Para ti, greñuda encantadora.

 

La fidelidad es un mito increíble. Es la leyenda de El Dorado de las relaciones amorosas. Quizá ustedes piensen que cada quién habla como le va en la feria y muy probablemente tengan razón. Sin embargo, sin temor a generalizar de forma irresponsable, puedo asegurar que todos y cada uno de nosotros hemos tenido contacto con su espinosa contraparte: la infidelidad.

 

El problema –si es que deba entenderse como tal- quizá sea de índole biológico, de naturaleza meramente humana. Por ejemplo, existen especialistas como la doctora Katherine Gould, que afirma que las especies de animales monógamas como los delfines, que se conservan fieles toda su vida, tienen una característica peculiar: tanto machos como hembras guardan la misma proporción anatómica; su tamaño es exactamente el mismo. Sin embargo, entre los simios, que guardan más semejanza con los humanos, el macho siempre es de mayor tamaño que sus hembras y cuenta con una predisposición biológica a poseer un variado harem de compañeras sexuales. El género humano, como primos cercanos de esos primates, se ajusta como embadurnado en mantequilla a esta clasificación. Nosotros aparentamos ser monógamos motivados más por un orden moral que por naturaleza.
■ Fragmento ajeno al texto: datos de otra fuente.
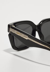 Crne sunčane naočale kvadratnog oblika s debelim okvirom, tamnim staklima i metalnim detaljima na slijepim sljepoočnicama imaju jedinstveni geometrijski dizajn.
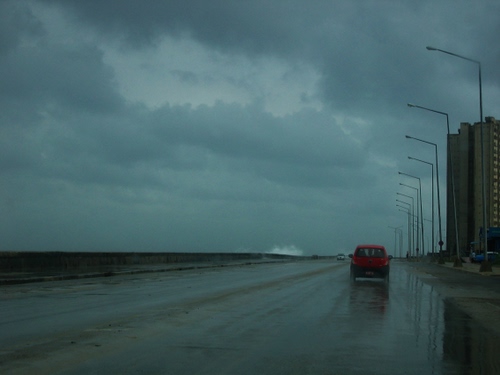 Forte pioggia di novembre su una strada litoranea all'Avana (Cuba).

Ustedes y yo sabemos que la realidad es muy distinta.

Cito a la doctora Gould: “Dentro de los primates se encuentran los seres humanos, quienes, según estudios, no están biológicamente condicionados para ser monógamos. Las opiniones están dividas respecto a si los humanos son monógamos por naturaleza y si la infidelidad sería inherente a su condición de primate”.

 

Mi ociosidad sin límites me llevó a encontrar en internet una investigación sueca que me dejó maravillada. Una turba de sesudos científicos han descubierto al gen causante de la infidelidad (tomen nota, canallas).

 

¿Predisposición genética, señor Alelo 334, o raciocinio mata instinto?

 

El Instituto Karolinska de Estocolmo mostró sus últimos hallazgos en torno a sus investigaciones del gen Alelo 334, que funge como catalizador biológico de una hormona llamada vasopresina, cuya tarea principal es controlar las correrías diuréticas de nuestro cuerpo y que al parecer, es la responsable de la infidelidad masculina (no dice nada de la femenina, así que a mí no me reclamen, pregúntenle a los suecos). No hay conclusiones contundentes al respecto, existen un sinfín de debates e investigaciones que siguen su curso mientras ustedes leen estas líneas. Ahora bien, las investigaciones en torno a la monogamia no terminan en el campo de la genética aplicada o la biología; también existen tesis en las que se trabajan en el campo de la sexología.

 

Los sexólogos defienden la versión de que los seres humanos vivimos sometidos por nuestro bagaje moral impuesto por nuestros antepasados, y ven la fidelidad occidental como producto de una condición cultural de control.

 

Según los sexólogos, los hombres y las mujeres sí son capaces de otorgarle a su vida el carácter casi extinto de la fidelidad ya que poseen, además de instintos,  las facultades intelectivas que nos diferencian de los animales. Aquí, obviamente, nos adentramos en los salvajes terrenos del raciocinio vs. instinto, terrenos invadidos por cruentas batallas en las que nadie ha ganado por knock-out. El debate se antoja eterno, ya que persiste desde nuestra aparición en esta tierra hasta el día de hoy.

 

¿Tradición, religión o condición?

 

Cada vez que en el universo resuena la frase “. .y te prometo ser fiel cada día de tu vida hasta que la muerte nos separe”, un hipopótamo enano de Liberia alcanza la extinción definitiva para no ser visto nunca jamás.

 

Lo que me lleva a preguntarme de manera metódica, contundente y sin eufemismos: ¿entonces, para qué nos hacemos pendejos?

 

Exactamente ¿qué es lo que en nuestra estructura social nos obliga a exigir fidelidad hasta que la muerte nos separe a sabiendas que existen probabilidades altísimas de ver rota esta promesa a las primeras de cambio? La fidelidad debe ser probablemente el precepto moral más violado en la historia de las relaciones humanas. Lo curioso es que, aunque todos nos hemos visto afectados por su incumplimiento, seguimos siendo su rehén. ¡Que Freud nos asista!

 

La infidelidad como concepto del engaño y el amor como verdugo

 

Les voy a contar una película y una historia que guardan un curioso paralelismo.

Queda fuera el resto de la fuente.